A Time to Value - Media Pack
Explore how family responsibilities create long-term workplace disadvantage and economic insecurity for women, affecting earnings and retirement.
Summary
Women incur significant workplace disadvantage from the onset of family responsibilities, not just in the immediate period following the birth of a child but over the longer term. This inevitably results in lessened economic security for women, including during retirement. The inequality of outcomes for men and women as a result of the shared duty of raising a family is self evident. While some may consider that this inequality is balanced by the communal nature of the family unit, modern family realities suggest that increasingly, economic disadvantage accrues to the individual.

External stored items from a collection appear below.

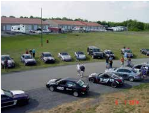
Waiting to do laps at Summit Point Raceway
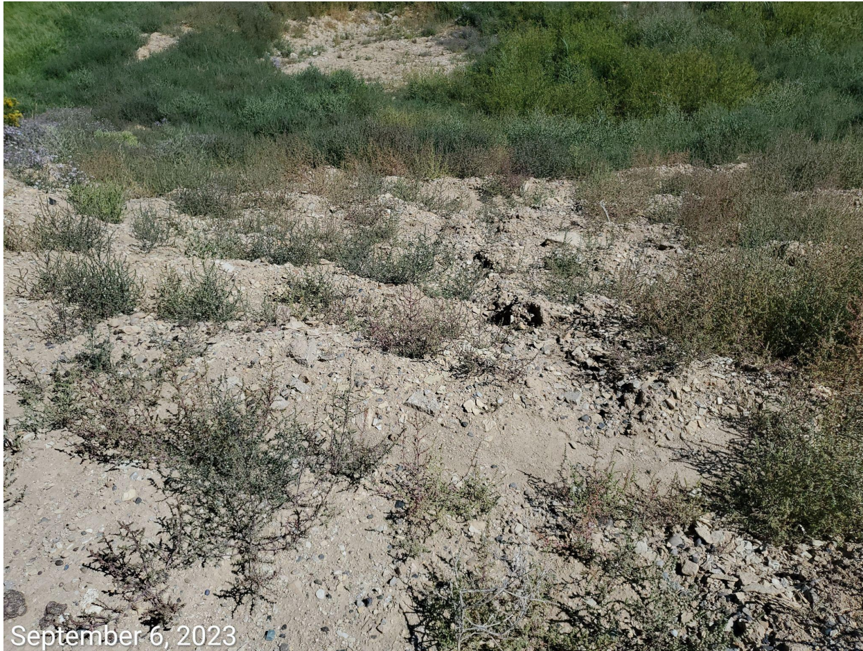
Photo 8: Photo taken from the north end of the Location, adjacent to the sediment trap. Stormwater runoff is not being diverted in to trap, resulting in erosion occurring on the slope.
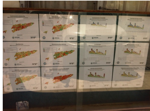
Figure 2: Publically displayed SIBS data

Notwithstanding the recognised value provided by SIBS at this point, BESIK II will be required to provide considerable on-going support to ensure that the system endures. At the time of this review, the full cycle of data capture, analysis and dissemination had only been running for a few months. The ongoing maintenance and operation of the technology carries obvious risks and challenges in the Timor Leste context. But perhaps greater challenges arise from the need to institutionalise processes that assure the quality and integrity of data; and to institutionalise the use of information to inform planning and decision-making 12 . Without the reliable supply of accurate and timely data, leadership support for SIBS will wane, and the esteem derived by DNSA managers from having relevant information at their ‘fingertips’ will dissipate. This in turn will squander the significant investment made by BESIK and will reinforce disappointing global experience in the information communication technology for development (ICT4D) sector.
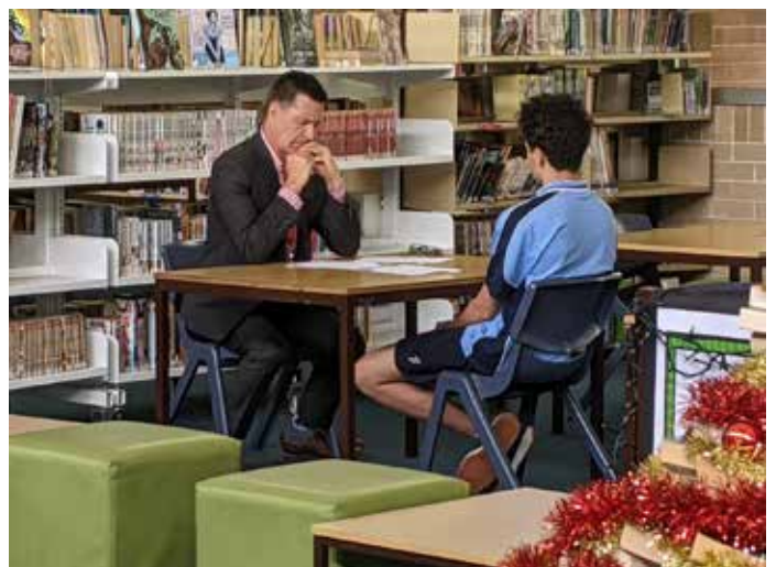
Year 10 students engaged in their Mock Job Interviews

A Time to Value - Proposal for a National Paid Maternity Leave Scheme
Media Pack
The contribution of paid maternity leave to economic security, workplace disadvantage and equality
Women incur significant workplace disadvantage from the onset of family responsibilities, not just in the immediate period following the birth of a child but over the longer term. This inevitably results in lessened economic security for women, including during retirement. The inequality of outcomes for men and women as a result of the shared duty of raising a family is self evident. While some may consider that this inequality is balanced by the communal nature of the family unit, modern family realities suggest that increasingly, economic disadvantage accrues to the individual.
Economic security
Paid Maternity Leave is a form of income replacement that allows the mother to provide full time care for her child for a limited period. To the extent of the payment provided it assists women with economic security at the time of the birth; this would be especially so for low income women who are, under Australia's current paid maternity leave arrangements, the least likely to have paid leave. A period of paid leave, even if relatively short, also enables women to afford a longer period of unpaid leave. In addition to this, paid maternity leave assists with the affordability of child-rearing.
A payment period of fourteen weeks at a sustainable rate enables families to maintain their standard of living and as the Shop, Distributive and Allied Employees' Association stated, the primary objective of a paid maternity leave scheme must be the provision of a payment which is sufficient to ensure that the woman and her family are able to live with dignity during the period before and after the child is born. [1]
Workplace disadvantage
It is not difficult to see how workplace disadvantage builds from child bearing; women are almost always the primary carer of dependent children and so frequently begin by leaving paid work entirely, or changing to a job of lesser pay but with better hours for the family, moving from full time to part time or casual work and by no longer being able to enjoy the mobility that leads to career or job advancement. Job disadvantage contributes to loss of economic security as measured by female/male earnings disparities, wealth holdings and later, to superannuation entitlements and financial security in old age.
This division of labour creates systemic discrimination. It is exacerbated by direct and indirect discrimination against women. Pregnant women are frequently dismissed or demoted and discrimination on the basis of family responsibilities figures highly in complaints to HREOC. While not a total solution, paid maternity leave can contribute to overcoming these barriers. Paid maternity leave will also make it easier for women to combine work and family responsibilities.
Equality
A cross section of the community considered that paid maternity leave would contribute to equality both directly and symbolically. For example, one submission stated that "[n]o civilised country, which regards equality between the sexes as important, could neglect to address paid maternity leave." [2] Others considered it would address "motherhood discrimination in the workforce", current inequities in the availability of paid maternity leave and, as Coles Myer's submission stated, that it would "contribute to workplace equity".
1 . Shop, Distributive and Allied Employees' Association, Submission 173, p11. 2 . Philip Gammage, Submission 91, p2.